A former paratrooper has been found not guilty at Belfast Crown Court of committing two murders and five attempted murders on Bloody Sunday in Londonderry in 1972. Judge Patrick Lynch that prosecutors failed to prove that the veteran, identified only as "Soldier F", had opened fire on unarmed civilians who were running to safety.
The ex-soldier had pleaded not guilty to two counts of murder for the deaths of James Wray, 22, and William McKinney, 27, and five counts of attempted murder for the shootings of Joseph Friel, Michael Quinn, Joe Mahon, Patrick O'Donnell, and for opening fire at unarmed civilians. The judge in the nonjury trial said that the evidence presented against the veteran fell well short of what was required for conviction.
The verdict, which reflected the weak evidence prosecutors had to rely on, was a blow to families of victims who had spent more than half a century seeking justice.
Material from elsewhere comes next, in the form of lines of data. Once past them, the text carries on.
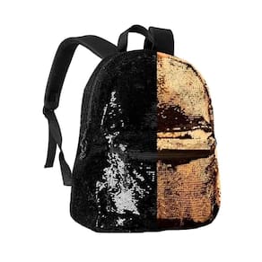 - mochila confeccionada em material poliéster. - com bordado em paetê de dupla face sendo preto e dourada - com alças acolchoada com regulagem. - com alça de mão. - com zipe personalizado.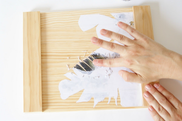 Aplica con la ayuda de un pincel el líquido tranfer directamente encima del dibujo a color y cuando lo tengas todo impregnado, gíralo y adhiérelo a la tabla de madera. Repasa el papel para que no queden burbujas.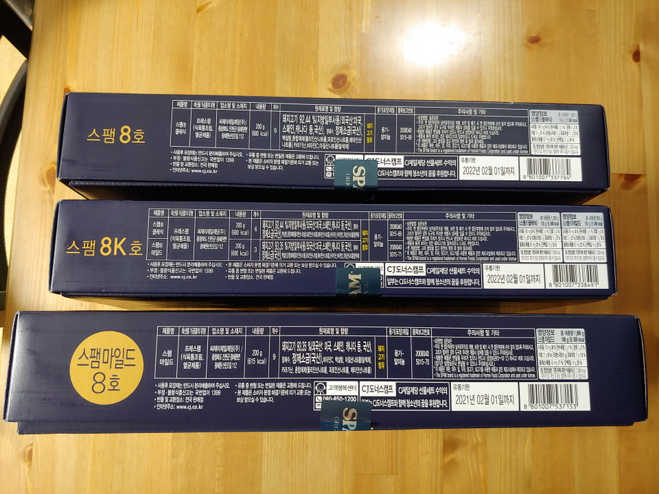 두번째, 스팸8K호 / 스팸클래식 200g , 6개와 스팸마일드 200g , 3개가 들어있어요.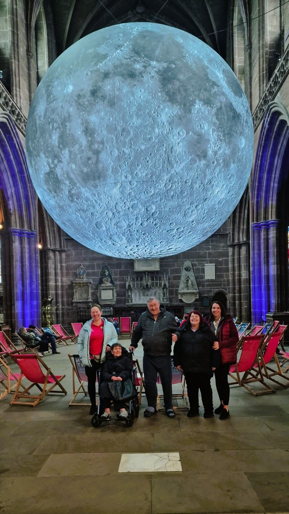 Experiencing the giant glowing Moon at Chester Cathedral was a soothing and memorable experience for our Residents from Lavender Villa. It was wonderful to see this beautiful artwork by Luke Jerram, paired with the calming soundscape by Dan Jones.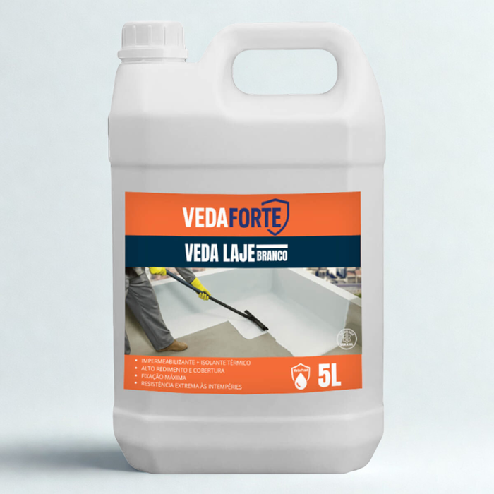 O Veda Laje Branco é um impermeabilizante líquido de base acrílica com ação isolante térmica, desenvolvido para oferecer proteção contínua e durável contra infiltrações e intempéries. Aplicado a frio, pronto para uso e moldado no local, forma uma película contínua, elástica e impermeável, capaz de resistir à pressão de água sobre lajes e coberturas. Possui secagem ultrarrápida, alto rendimento e excelente cobertura, além de ser ecologicamente correto, isento de amoníaco e com ação fungicida. Ideal para quem busca máxima fixação, resistência extrema ao clima e aumento da vida útil da estrutura e da pintura.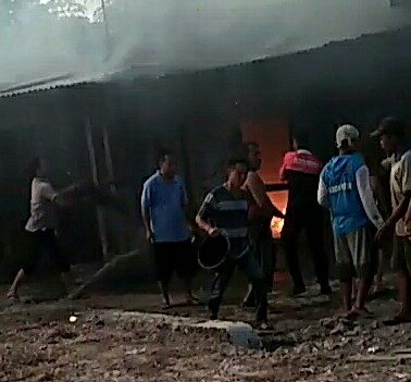 Rumah milik Aho (37), Senin (18/02/2019) terbakar.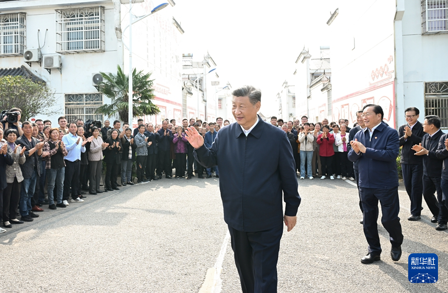 11月4日至6日,中共中央總書記、國家主席、中央軍委主席習近平在湖北考察。這是5日上午,習近平在咸寧市嘉魚縣潘家灣鎮四邑村考察時,向村民們揮手致意。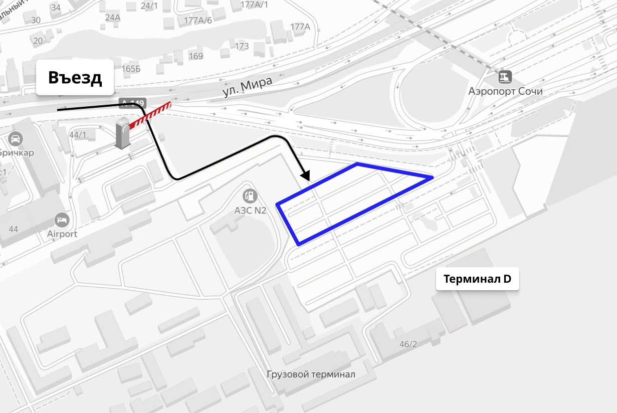 - Перед указателем на грузовой терминал и суточную парковку поверните направо.

The former lance corporal had been charged with two counts of murder and five counts of attempted murder. Prosecutors said that he fired at fleeing demonstrators on January 20, 1972 in Londonderry, also known as Derry, when 13 people were killed and 15 others were wounded in the deadliest shooting of the period known as "The Troubles".
The event has come to symbolise the conflict between mainly Catholic supporters of a united Ireland and predominantly Protestant forces that wanted to remain part of the United Kingdom. The killings were a source of shame for a British government that had initially claimed that members of a parachute regiment fired in self-defence after being attacked by gunmen and people hurling firebombs.
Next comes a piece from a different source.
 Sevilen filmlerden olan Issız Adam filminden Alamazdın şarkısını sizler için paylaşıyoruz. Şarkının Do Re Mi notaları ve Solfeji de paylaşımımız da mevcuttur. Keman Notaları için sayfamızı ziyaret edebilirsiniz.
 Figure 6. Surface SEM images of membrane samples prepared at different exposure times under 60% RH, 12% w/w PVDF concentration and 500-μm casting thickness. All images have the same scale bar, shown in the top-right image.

While the violence largely ended with the 1998 Good Friday peace accord, tensions remain. Families of civilians killed continue to press for justice, while supporters of army veterans complain that their losses have been downplayed and that they have been unfairly targeted in investigations.
Soldier F, who was shrouded from view in court by a curtain throughout the five-week trial, didn't testify in his defence and his lawyer presented no evidence. The soldier told police during a 2016 interview that he had no "reliable recollection" of the events that day, but was sure he had properly discharged his duties as a soldier.
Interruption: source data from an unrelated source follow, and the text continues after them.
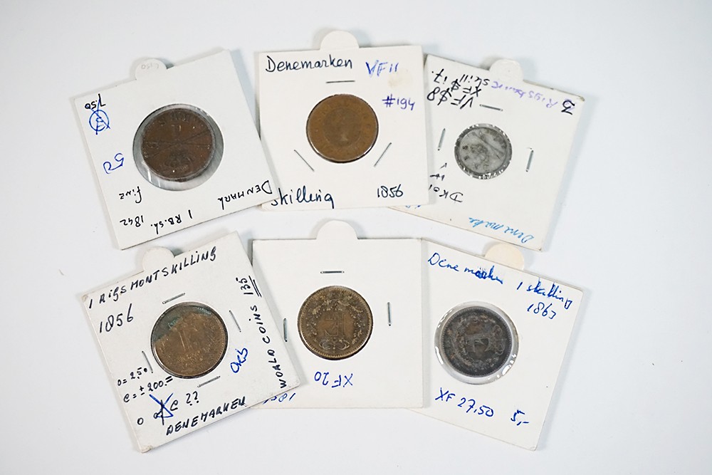 Denemarken (6): Rigsmontskilling 1856 (3), 1863; Rigsbankskilling 1842; 3 RBS 1842.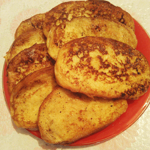 Яйца взбить венчиком с молоком, посолить. Батон нарезать ломтиками и хорошо пропитать яично-молочно смесью.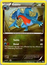 Gabite is a Uncommon Pokémon card from the Dragons Exalted Pokémon TCG set, released 2011, illustrated by Mitsuhiro Arita. It sits at card number 88 in the Dragons Exalted checklist, classified as a Dragon-type Pokémon with 80 HP and the Stage 1 subtype.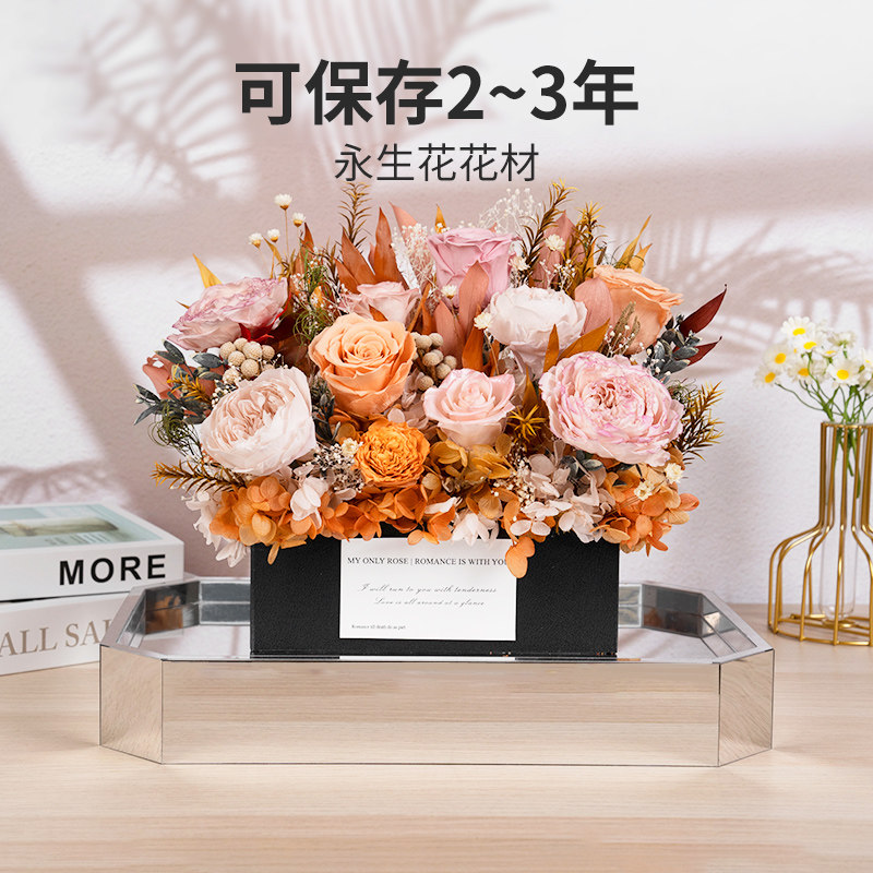 Joyflower金玉满堂永生花玫瑰真花束 新婚结婚礼物新年装饰摆件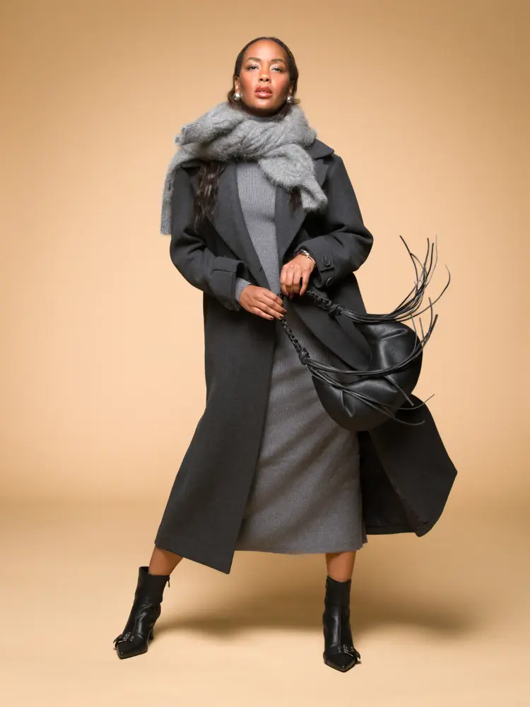 Fine frynser! Enkel, grå kjole fra Cubus, kr 599,- som er super å dresse opp. Kåpe, også Cubus, kr 1.299,- og veske med frynser fra Holzweiler, Me & My cousin, kr 2.499,- // sko med spenne fra Clark, Din Sko, kr 599,-

Defense lawyer Mark Mulholland attacked the prosecution's case as "fundamentally flawed and weak" for relying on soldiers he dubbed "fabricators and liars," and the fading memories of survivors who scrambled to avoid live gunfire that some mistakenly thought were rounds of rubber bullets.
Surviving witnesses spoke of the confusion, chaos and terror as soldiers opened fire and bodies began falling after a large civil rights march through the city.
The prosecution relied on statements by two of Soldier F's comrades - Soldier G, who is dead, and Soldier H, who refused to testify. The defence tried unsuccessfully to exclude the hearsay statements, because they couldn't be cross-examined.
Prosecutor Louis Mably argued that the soldiers, without justification, had all opened fire, intending to kill, and thus shared responsibility for the casualties.
A formal inquiry cleared the troops of responsibility, but a subsequent and lengthier review in 2010 found soldiers shot unarmed civilians fleeing and then lied in a cover-up that lasted for decades.
Then-Prime Minister David Cameron apologised and said that the killings were "unjustified and unjustifiable".
The 2010 findings cleared the way for the eventual prosecution of Soldier F, though delays and setbacks kept it from coming to trial until last month.